### DIRECTIONS
Below are some records. Print exactly the lines between the one holding "Torneira bica baixa Pressmatic" and the one holding "Para os sanitários", inclusive, and nothing else.

### RECORDS TO PROCESS
- - -

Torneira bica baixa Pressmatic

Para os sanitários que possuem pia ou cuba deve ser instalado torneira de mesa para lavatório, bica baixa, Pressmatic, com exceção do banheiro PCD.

- - -

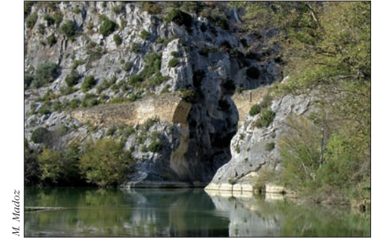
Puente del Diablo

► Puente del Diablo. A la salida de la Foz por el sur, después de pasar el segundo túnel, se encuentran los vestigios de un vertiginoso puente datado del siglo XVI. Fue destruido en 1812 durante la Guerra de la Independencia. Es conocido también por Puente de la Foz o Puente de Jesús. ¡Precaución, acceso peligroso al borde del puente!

- - -

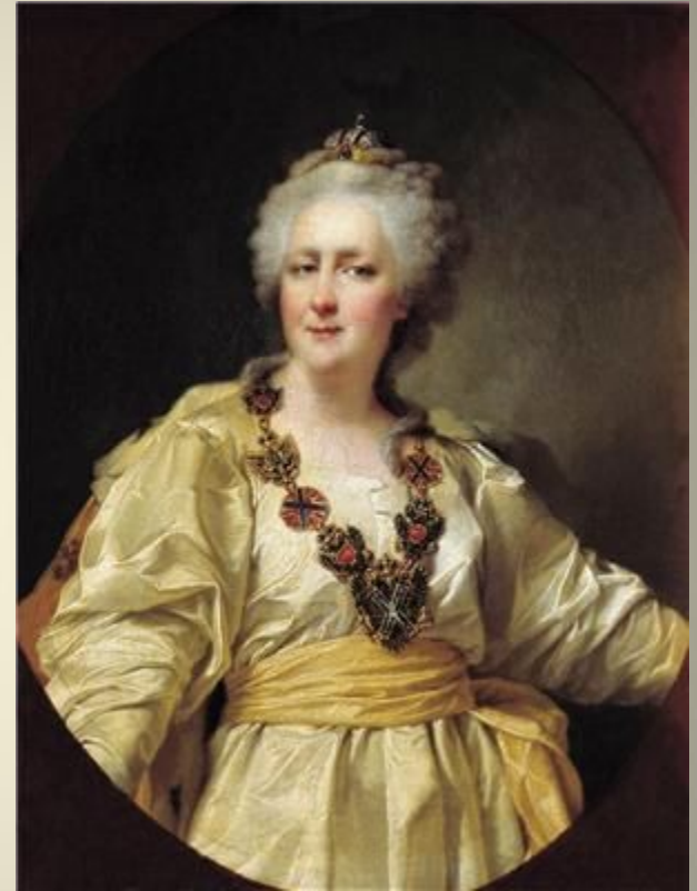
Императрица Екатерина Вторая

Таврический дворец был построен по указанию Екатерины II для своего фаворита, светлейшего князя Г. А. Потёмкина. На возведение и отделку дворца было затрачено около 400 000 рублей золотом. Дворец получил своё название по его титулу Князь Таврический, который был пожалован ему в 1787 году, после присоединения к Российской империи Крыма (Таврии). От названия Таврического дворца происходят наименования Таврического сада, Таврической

- - -

### PROBLEM SOLUTION
Torneira bica baixa Pressmatic

Para os sanitários que possuem pia ou cuba deve ser instalado torneira de mesa para lavatório, bica baixa, Pressmatic, com exceção do banheiro PCD.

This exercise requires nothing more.